## THE TASK
Leave the pictures out and transcribe every record exactly.

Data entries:
[Start of Attachment]

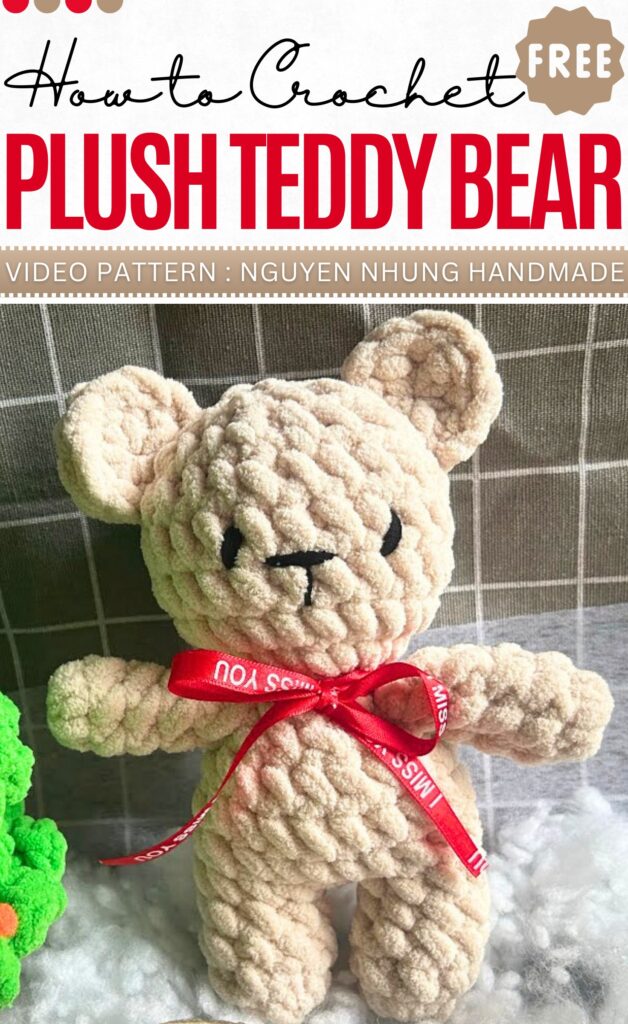 For Christmas or birthdays, this big teddy bear plushie will make a cherished present. Only needs one color, and the head, body, and legs will be worked as a single piece. The finished teddy bear for kids will be 20 high, using 6mm thick yarn and an 8mm crochet hook.
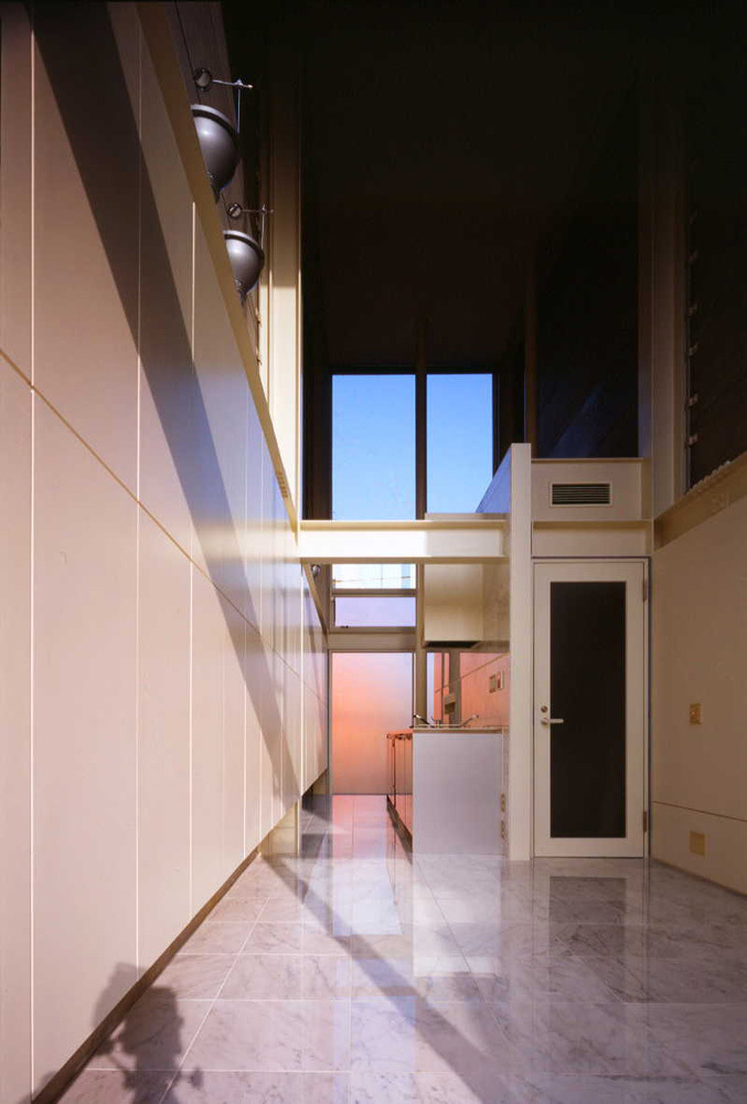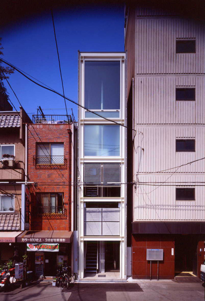 This house was built on an extremely small plot of land in downtown Osaka. Measuring 2.5m, the facade of the building fills the entire front of the site. The house is 13m deep, and as for the lower three floors ceiling heights were kept as low as possible. This construction is topped by the upmost floor, where the dining room is located. With a 6m-high ceiling, the dining room occupies as much as two-thirds of the entire building plan; the remaining third of the depth is filled by a terrace as an open-air space. As a result, the entire structure reverberates the depth of the small-breasted site, as well as emphasizes the vertical direction. The building features two main topics. One is the verticality of urban life. The other one is the creation of a floating living space the top floor, separated from the din of the street and close to Nature. For all this, no more was needed than a few square meters of terrace space and about 30 square meters of building space, including the generous dining room. What I tried to do in designing this house was to give new meaning to the concept of a rooftop garden.The building at once provides the sensation of a privileged view and a unique feeling of being afloat. This, I think, is the precious quality that would not be without the modern concept of space, or more specifically: the rooftop garden.
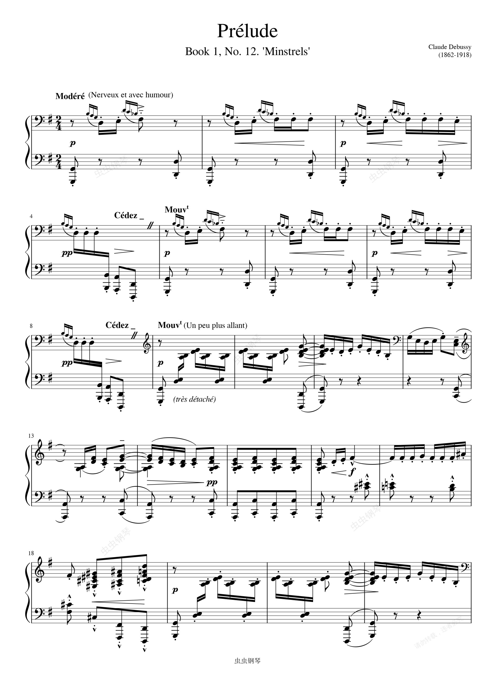 钢琴谱:Debussy - Prelude Bk 1 No 12 Minstrels
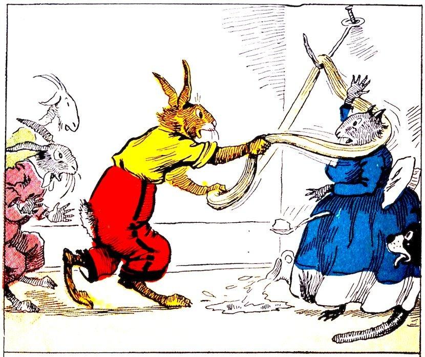 For a time it seemed that they would have to send for Dr. Possum. But at last Uncle Wiggily and the animal children got Nurse Jane free from the sticky candy rope. “Now I’ll try to pull the taffy again,” said the bunny. He threw another loop of the sticky stuff at the poker hook, but it tangled around the horns of Billie Wagtail. “Baa-aa-aa! Maa-aa-aa!” bleated Billie. “Dear me!” said the bunny.
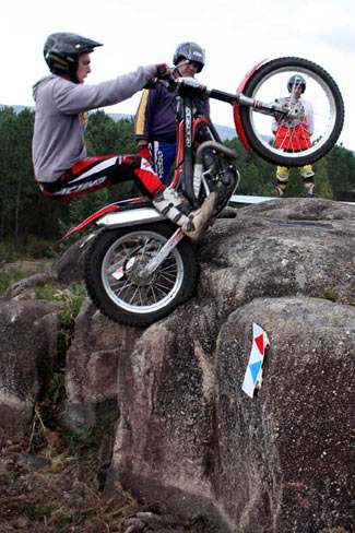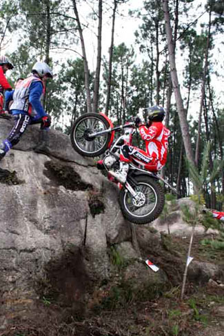 Por detrás el rey de la regularidad, el gentleman del trial gallego, Juan Lumbreras y su inseparable Beta han realizado un magistral trial con una tarjeta sin penalizaciones, al igual que Luís, lo que le dieron la suficiente ventaja para superar a José Goce, ya más relajado, pero sin despistarse del regreso muy fuerte de Gerardo Soya. Gerardo consiguió subir su Montesa hasta empatar la tarjeta de José, pero el mayor número de ceros del de Sherco le dio el último peldaño. No perderemos de vista a Gerardo que demostró su regularidad y buen estado de forma igualando su tarjeta en las tres vueltas.
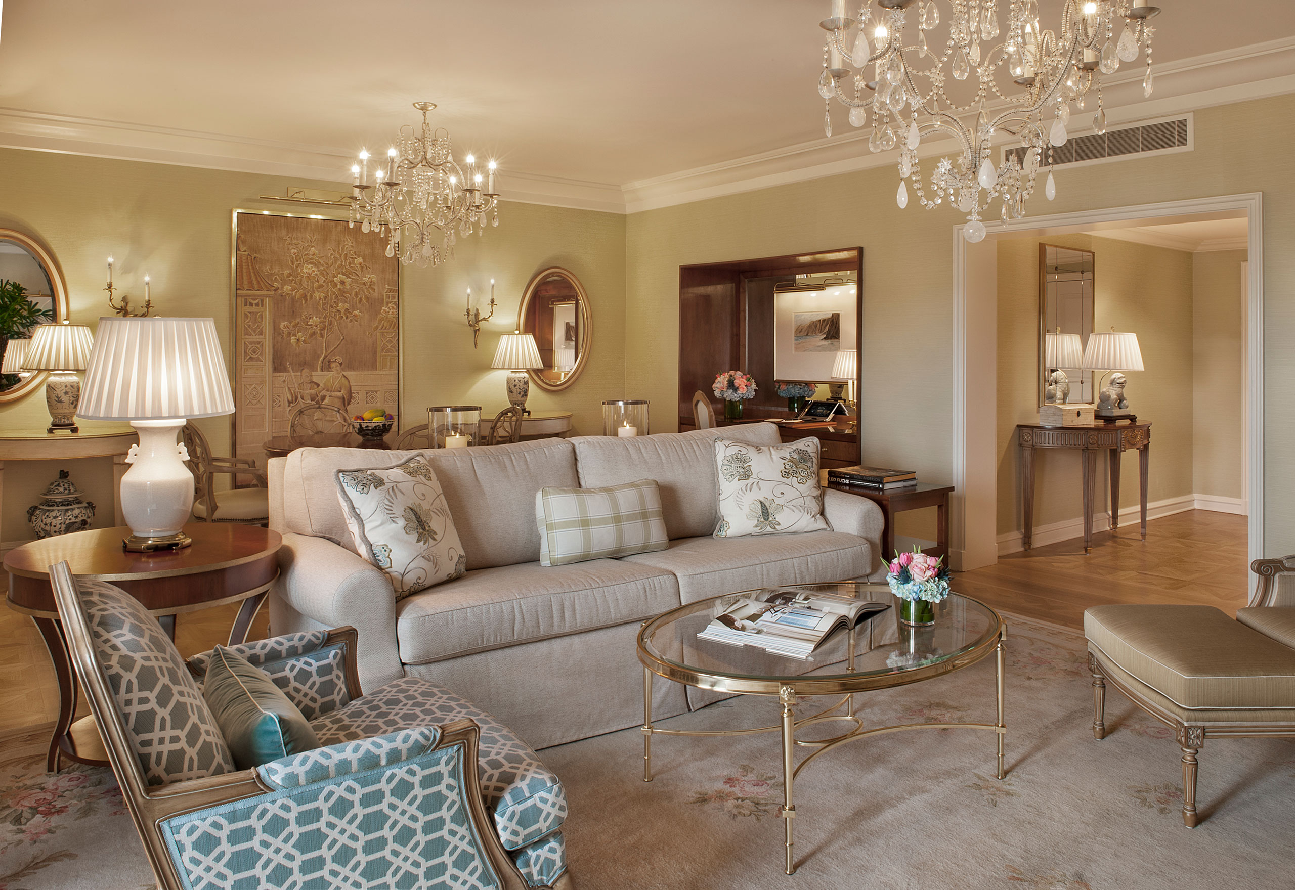 - The Peninsula Suite boasts spectacular views of the city and the hills beyond. This Presidential Suite is also known as the 'Green Suite' with walls upholstered in soft greens with framed antique Asian textiles and a grand piano. Its dining room, modern kitchen and spacious seating area make this an ideal suite for guests who enjoy entertaining.
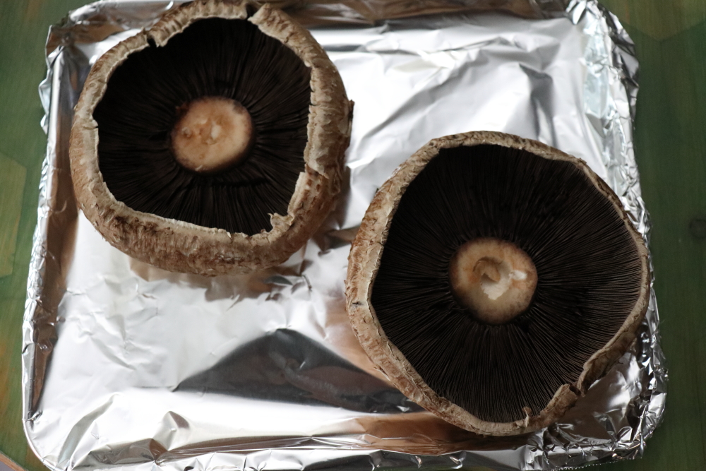 For this recipe, I used portobello mushrooms but any mushroom caps will work. Remove the stems on the mushrooms.
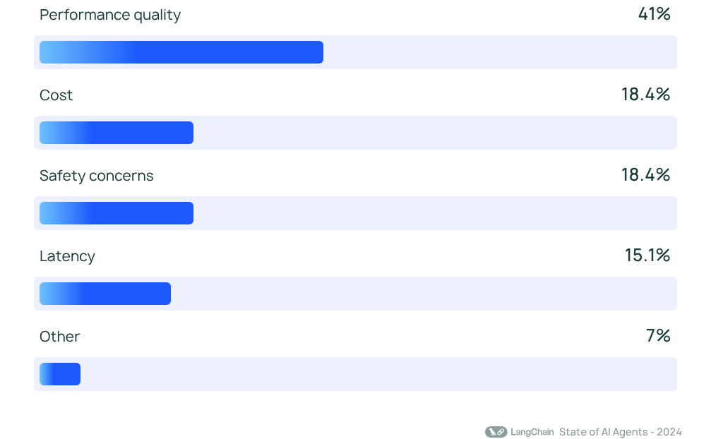 Langchain曾经围绕agent落地做过一个调查,发现影响其落地的最大桎梏在于“性能质量”,而性能质量瓶颈的来源是大模型。
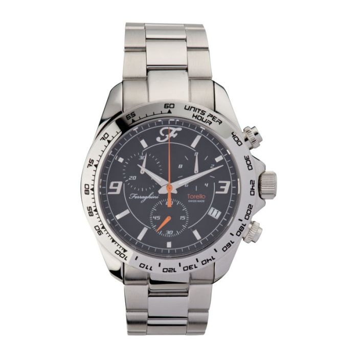 Ceas de mână Ferraghini TORELLO - design clasic, sportiv, fabricat cu precizie elveţiană. Cronograful cu carcasă mare (42mm lat) are toate caracteristicile pentru oamenii sportivi: secundar, cronometru, dată, vitezometru, sticlă de safir, rezistenţă la apă pană la 100 de metri (10 ATM), carcasă hipoalergenică din oţel inoxidabil, brăţară din oţel inoxidabil și închidere cu clapetă.
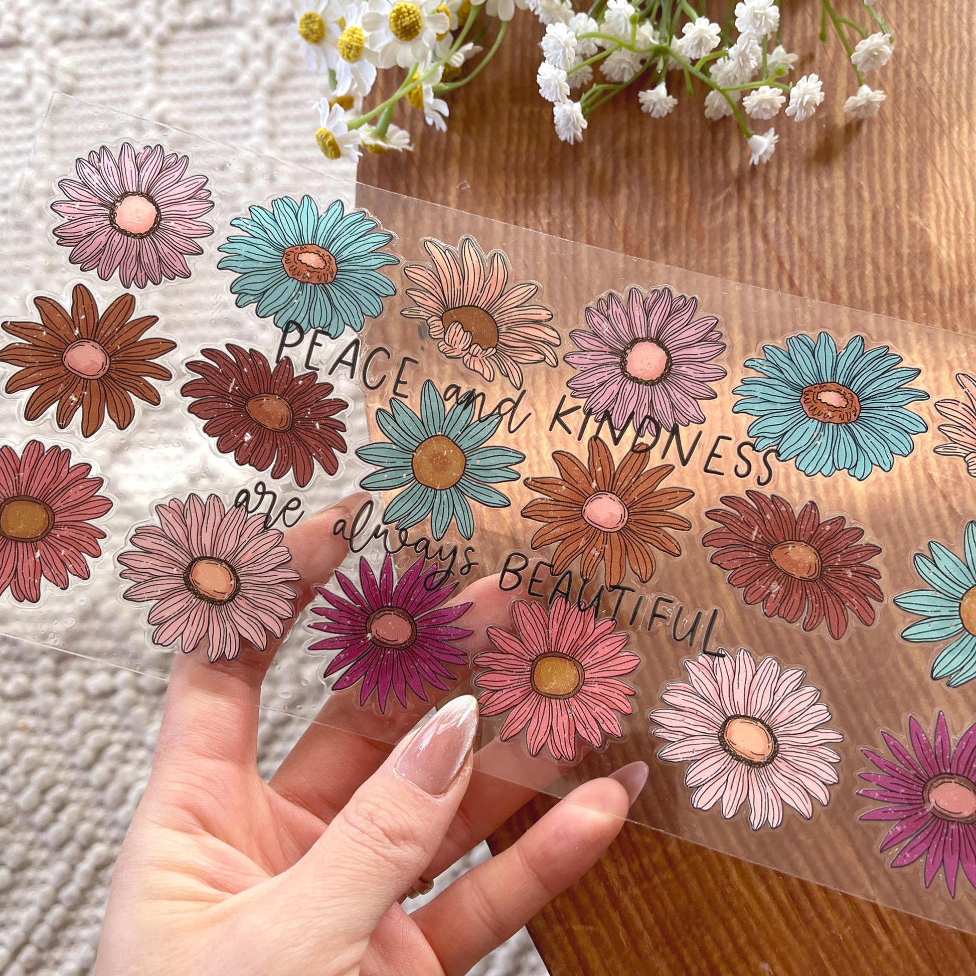 Spread positivity with every sip using our Double-Sided 16oz Cup UV DTF Decal featuring the serene 'Peace and Kindness' design—perfect for adding a calming and heartfelt touch to your DIY cup projects! ☮️✨🥤💖

[End of Attachment]

## COMPLETED TASK
 For Christmas or birthdays, this big teddy bear plushie will make a cherished present. Only needs one color, and the head, body, and legs will be worked as a single piece. The finished teddy bear for kids will be 20 high, using 6mm thick yarn and an 8mm crochet hook.
 This house was built on an extremely small plot of land in downtown Osaka. Measuring 2.5m, the facade of the building fills the entire front of the site. The house is 13m deep, and as for the lower three floors ceiling heights were kept as low as possible. This construction is topped by the upmost floor, where the dining room is located. With a 6m-high ceiling, the dining room occupies as much as two-thirds of the entire building plan; the remaining third of the depth is filled by a terrace as an open-air space. As a result, the entire structure reverberates the depth of the small-breasted site, as well as emphasizes the vertical direction. The building features two main topics. One is the verticality of urban life. The other one is the creation of a floating living space the top floor, separated from the din of the street and close to Nature. For all this, no more was needed than a few square meters of terrace space and about 30 square meters of building space, including the generous dining room. What I tried to do in designing this house was to give new meaning to the concept of a rooftop garden.The building at once provides the sensation of a privileged view and a unique feeling of being afloat. This, I think, is the precious quality that would not be without the modern concept of space, or more specifically: the rooftop garden.
 钢琴谱:Debussy - Prelude Bk 1 No 12 Minstrels
 For a time it seemed that they would have to send for Dr. Possum. But at last Uncle Wiggily and the animal children got Nurse Jane free from the sticky candy rope. “Now I’ll try to pull the taffy again,” said the bunny. He threw another loop of the sticky stuff at the poker hook, but it tangled around the horns of Billie Wagtail. “Baa-aa-aa! Maa-aa-aa!” bleated Billie. “Dear me!” said the bunny.
 Por detrás el rey de la regularidad, el gentleman del trial gallego, Juan Lumbreras y su inseparable Beta han realizado un magistral trial con una tarjeta sin penalizaciones, al igual que Luís, lo que le dieron la suficiente ventaja para superar a José Goce, ya más relajado, pero sin despistarse del regreso muy fuerte de Gerardo Soya. Gerardo consiguió subir su Montesa hasta empatar la tarjeta de José, pero el mayor número de ceros del de Sherco le dio el último peldaño. No perderemos de vista a Gerardo que demostró su regularidad y buen estado de forma igualando su tarjeta en las tres vueltas.
 - The Peninsula Suite boasts spectacular views of the city and the hills beyond. This Presidential Suite is also known as the 'Green Suite' with walls upholstered in soft greens with framed antique Asian textiles and a grand piano. Its dining room, modern kitchen and spacious seating area make this an ideal suite for guests who enjoy entertaining.
 For this recipe, I used portobello mushrooms but any mushroom caps will work. Remove the stems on the mushrooms.
 Langchain曾经围绕agent落地做过一个调查,发现影响其落地的最大桎梏在于“性能质量”,而性能质量瓶颈的来源是大模型。
 Ceas de mână Ferraghini TORELLO - design clasic, sportiv, fabricat cu precizie elveţiană. Cronograful cu carcasă mare (42mm lat) are toate caracteristicile pentru oamenii sportivi: secundar, cronometru, dată, vitezometru, sticlă de safir, rezistenţă la apă pană la 100 de metri (10 ATM), carcasă hipoalergenică din oţel inoxidabil, brăţară din oţel inoxidabil și închidere cu clapetă.
 Spread positivity with every sip using our Double-Sided 16oz Cup UV DTF Decal featuring the serene 'Peace and Kindness' design—perfect for adding a calming and heartfelt touch to your DIY cup projects! ☮️✨🥤💖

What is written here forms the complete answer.